In more depth, the project that we're going to write is an app that will open our video camera using OpenCV. The video stream will wait for a user to select their background image, which will serve as the replacement for when faces are detected. The app will then begin placing images on a queue, from a background thread and begin analyzing each frame. If a face is detected, it will replace pixels around the face with pixels from our predetermined background image.

A Buffered Video Reader

Now, you might be wondering

"Why do I need this background thread and a queue of images?"

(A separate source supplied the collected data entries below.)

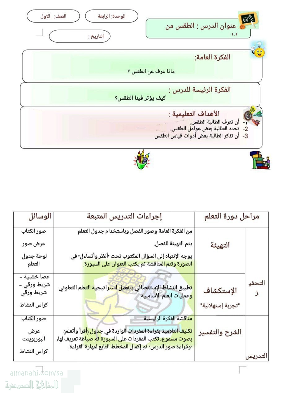 خطة درس تفصيلية لموضوع الطقس باستخدام استراتيجية دورة التعلم وتفريد الأنشطة, الصف الأول, علوم, الفصل الثاني, 1447_1448 هجري - المناهج السعودية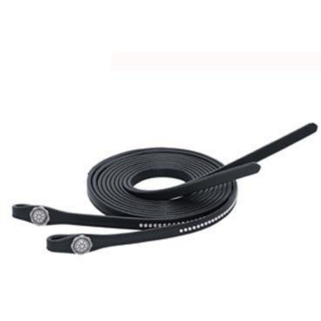 Doubled and stitched at the bit ends, they deliver enhanced strength and reliability, while the stainless steel floral conchos, nickel brass spots, and faceted black acrylic stones create a standout look suitable for both everyday riding and show use.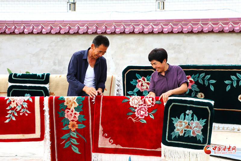 手工地毯,是環(huán)縣非物質(zhì)文化遺產(chǎn)之一,已有近半個世紀的傳承,慕粉萍從事這項技藝也有30多年了。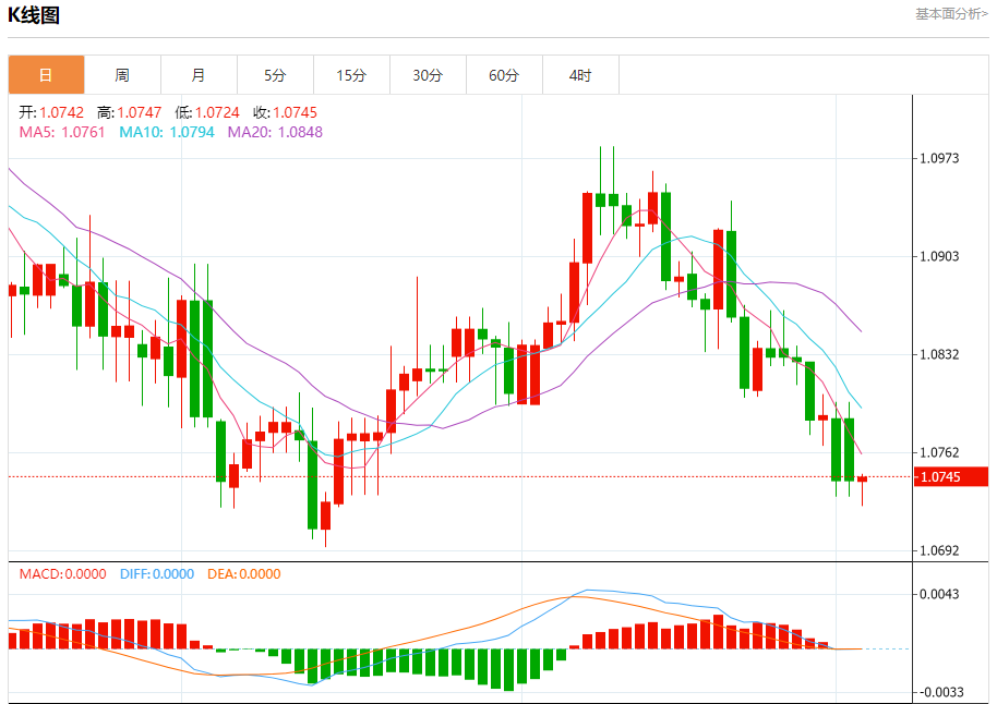 汇价高见1.0747,低见1.0724。上一交易日,汇价收于1.0742。
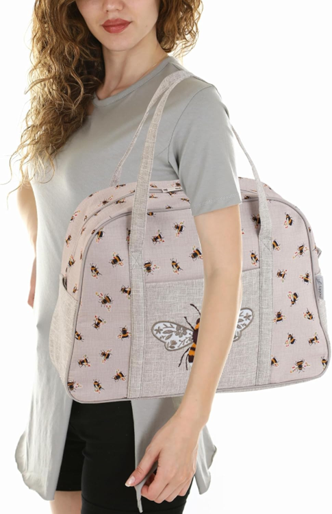 Elevate your sewing adventures with this charming sewing machine bag, featuring a delightful all-over bee print on soft 100% cotton fabric that adds a whimsical touch to your crafting routine. The stylish embroidered bee design on the quick-access front pocket brings an artistic flair, while the internal padding throughout the bag lining ensures extra security for your equipment during transport....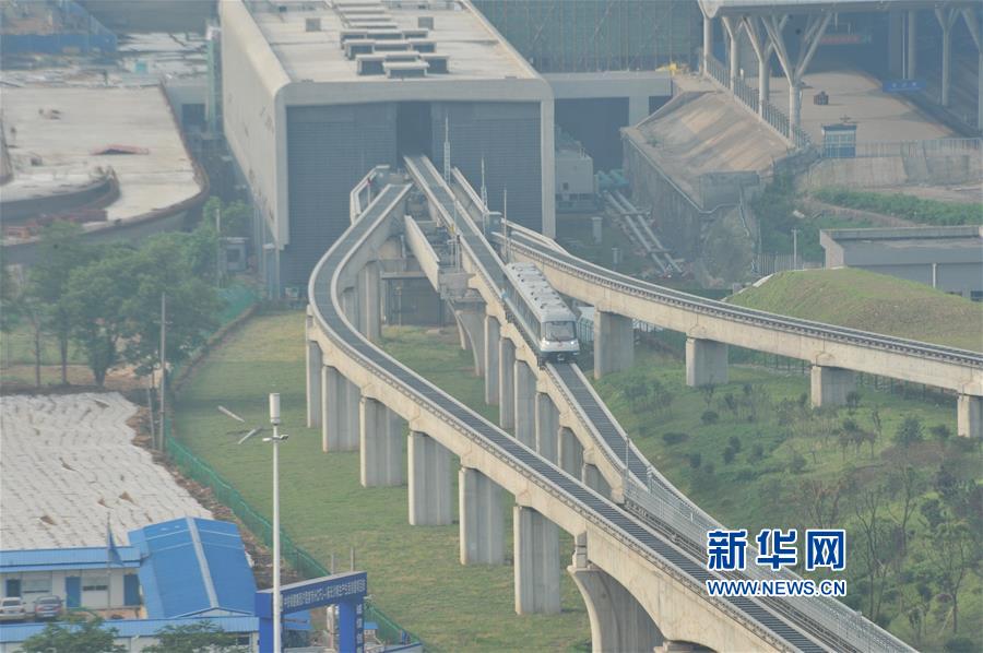 上线试运营的长沙磁浮快线驶出车站(5月6日摄)。新华社记者龙弘涛摄

That's a valid question! For me, it's actually due to resource constraints on my physical laptop. I don't have a GPU or any extra-snazzy hardware. Because of this, the video streaming and analysis actually take a bit of time and openCV ends up dropping frames and I get a very jittery video. If I buffer these frames from a background thread, I don't miss any frames from my video stream and each frame gets analyzed. The result is a smoother video output.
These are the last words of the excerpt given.